In Multiple Users the parameter string was used to specify the Virtual File System (VFS) of the child process. This uses a simple format with single character commands (e.g. ‘C’ copies the parent VFS, ‘-’ removes a mount path). We now add another command ‘A’ that specifies a null-terminated string.

The library interface to exec is euralios_std::syscalls::exec. We add an args: Vec<&str> input, push an ‘A’ character to the parameter string followed by these strings separated by 0x03, the ETX End-of-text ASCII control character, and terminating with a 0 byte.

In the kernel sys_exec function the argument string is copied into a Vec<u8> on the kernel heap so that it’s accessible when the page table is changed. It’s then passed as a new input to new_user_thread in process.rs.

The argument string is passed to the new process on the stack: Stacks grow downwards, to the string is put on the stack above the length of string. Then register rdx is set to the address of the string length. In the _start function (that calls the user main()) we get args_address from rdx and then store the u8 slice in a static mut variable:

ARGS_SLICE = unsafe{
    let length = *(args_address as *mut i32) as usize;
    slice::from_raw_parts((args_address + 4) as *const u8, length)
};

Once a program starts, this slice is only read by calling an internal function get_args -> &'static [u8]. The user accesses this through the env::args() function:

pub fn args() -> impl Iterator<Item = String> {
  // Convert bytes into a vector of owned strings
  get_args()
      .split(|&b| b == 0x03)
      .map(|arg| String::from_utf8_lossy(arg).into_owned())
}

This splits the string on 0x03 chars, as used in the euralios_std::syscalls::exec function. We can now start an editor and get the command-line arguments:

use euralios_std::{println, env};

#[no_mangle]
fn main() {
    for arg in env::args() {
        println!("Arg: {}", arg);
    }
}

Environment variables

When we open the file we use the path given on the command line. If the caller uses the absolute path then it works, but relative paths do not: The text editor doesn’t know the shell’s working directory!

Linux stores each processor’s current working directory (and lots of other information) in its task_struct data structure as described here. In the spirit of keeping things simple, we’re instead going to store the current directory as an environment variable: The kernel doesn’t need to know about working directories (probably).
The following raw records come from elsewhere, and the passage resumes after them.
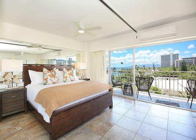 1 ベッドルーム - for 2 名様 (最大 4)1泊あたり $258 ~ $489 (税別) 最低宿泊数3泊素晴らしいオーシャンビューとコオラウ山脈のマウンテンビューがご覧頂ける改装済みのお部屋。広々とデザインされたコンドミニアムからは、緑の山並み、遠くはエバビーチそして青いパシフィック・オーシャンの海原を一望します。室内には、キングサイズベッド1台とフルサイズのソファーベッドが設置され、最大4名まで宿泊可。42インチのテレビ、フルキッチン、ハンドシャワー、温水洗浄便座、室内洗濯機&乾燥機完備。オーナーのテイストあふれる人気の有るレンタルです。無料Wi-Fi付き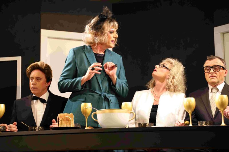 Zu guter Letzt fliegt alles auf. Die gegensätzlichen Welten und die unterschiedlichen Charaktere stoßen kräftig aufeinander – all das lustvoll und mitreißend inszeniert. Foto: Hartmut Wolf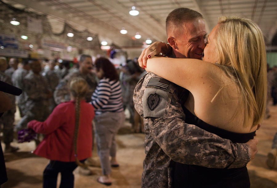 Read moreA couple embraces as soldiers of the 25th Infantry Division are greeted by family, friends and loved ones at their redeployment ceremony at Wheeler Gulch, Wheeler Army Airfield in Wahiawa, Hawaii, on December 6, 2011. U.S. forces are withdrawing from Iraq after an eight year presence in the country and communities in Hawaii are welcoming soldiers home. #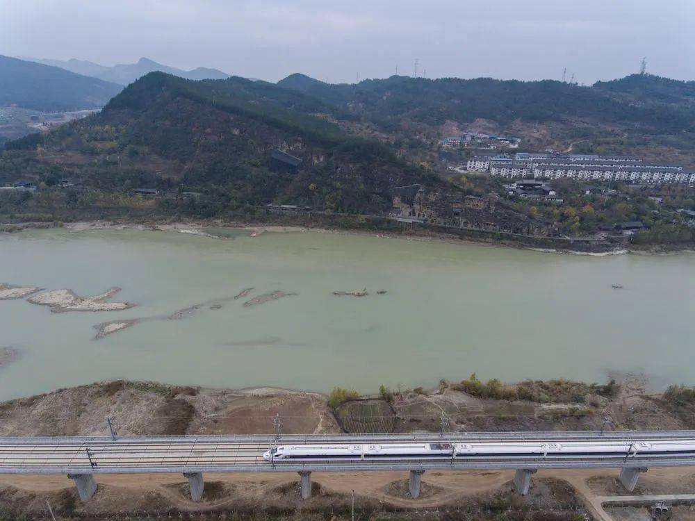 2017年12月6日,D4254次列车通过位于广元市北郊的西成高铁嘉陵江特大桥。列车行驶在嘉陵江西岸,东岸是始于北魏、兴于唐和五代的千佛崖摩崖石刻(新华社记者 江宏景 摄)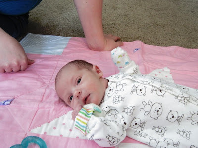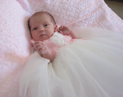 Her Great-Grandma Judi made her dress -- a beautiful heirloom treasure. (Emma slept through the entire service and pictures right until the very end here ...)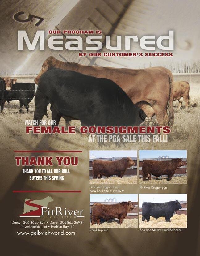 The Gelbvieh Guide assumes no responsibility for the accuracy and truthfulness of submitted advertising copy, and has the right to refuse any ad copy or photos. Advertisers shall indemnify and hold harmless the Guide containing pedigrees or statements regarding performance must conform to records kept by the Canadian Gelbvieh Association. Copy deviating from official records may be changed as necessary without advertiser consent.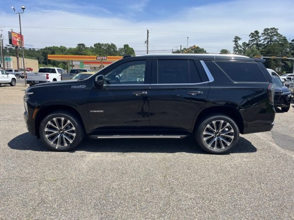 Black 2025 Chevrolet Tahoe High Country 4WD 10-Speed Automatic with Overdrive EcoTec3 6.2L V8 4WD, Black Leather.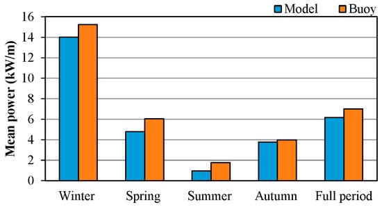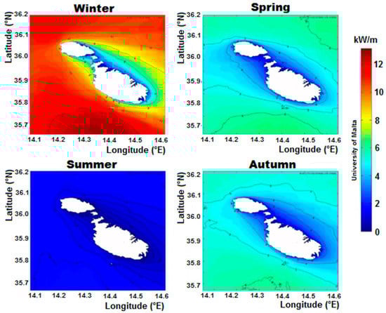 This model is particularly advantageous with propagation problems from deep waters up to the coasts. Both buoy data and SWAN data have highlighted an important seasonal variability of sea wave power along Maltese coasts. Wave power is characterized by high values during the winter season, which decrease in autumn and spring while the minimum values are recorded in summer. Moreover, winter wave power is more than double the annual average, as shown in Figure 9, obtained from the data reported in [].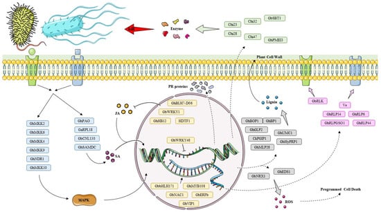 Activation of plant innate immunity requires receptor recognition of pathogens. MTI/PTI is triggered by PRRs located across the cell surface, whereas ETI is caused by NBS-LRR receptor proteins located intracellularly []. PRRs include receptor-like proteins (RLPs) and receptor-like kinases (RLKs) that are located on plant cell membranes and which are responsible for detecting molecular markers of invading pathogens or damaged plant tissues and activating defense responses, thereby preventing infection before pathogen invasion of the plant cell [,]. The GhRLPGSO1-like gene, GhRLP44, GhRLP6, and GhRLP34 may play a role in resistance to Fusarium cotton wilt []. Verticillium wilt infestation of disease-resistant G. barbadense cotton induces GbRLK; transfection of cotton and Arabidopsis with this gene increases resistance to Verticillium wilt []. The TIR-NBS-LRR protein encoded by CG02 is likely to be a key gene for resistance to Verticillium cotton wilt since it specifically promotes the expression of disease resistance genes, while silencing this gene increases its susceptibility to Verticillium wilt [].
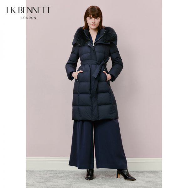 LK BENNETT|2025年新款加厚保暖大毛领连帽修身显瘦羽绒服LKBTIA64201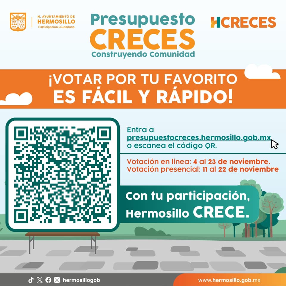Conoce las propuestas y elige la que más te guste votando en línea en presupuestocreces.hermosillo.gob.mx o al WhatsApp 6621550100

Maybe we could treat environment variables as a kind of argument, but for now they are treated separately: In the new process parameter string we used ‘A’ to begin the arguments; now we can add ‘E’ to begin a null-terminated environment string. This is collected into a Vec<u8> in kernel memory, and passed as another member of the process::Params parameter struct that is passed to process::new_user_thread. The environment string (if there is one) is put on the user stack underneath the arguments, with the length of the string as a u32 underneath that. We set the RDI register to point to that string length. [The choice of RDI is fairly arbitrary, though some registers e.g RBX are reserved for LLVM use].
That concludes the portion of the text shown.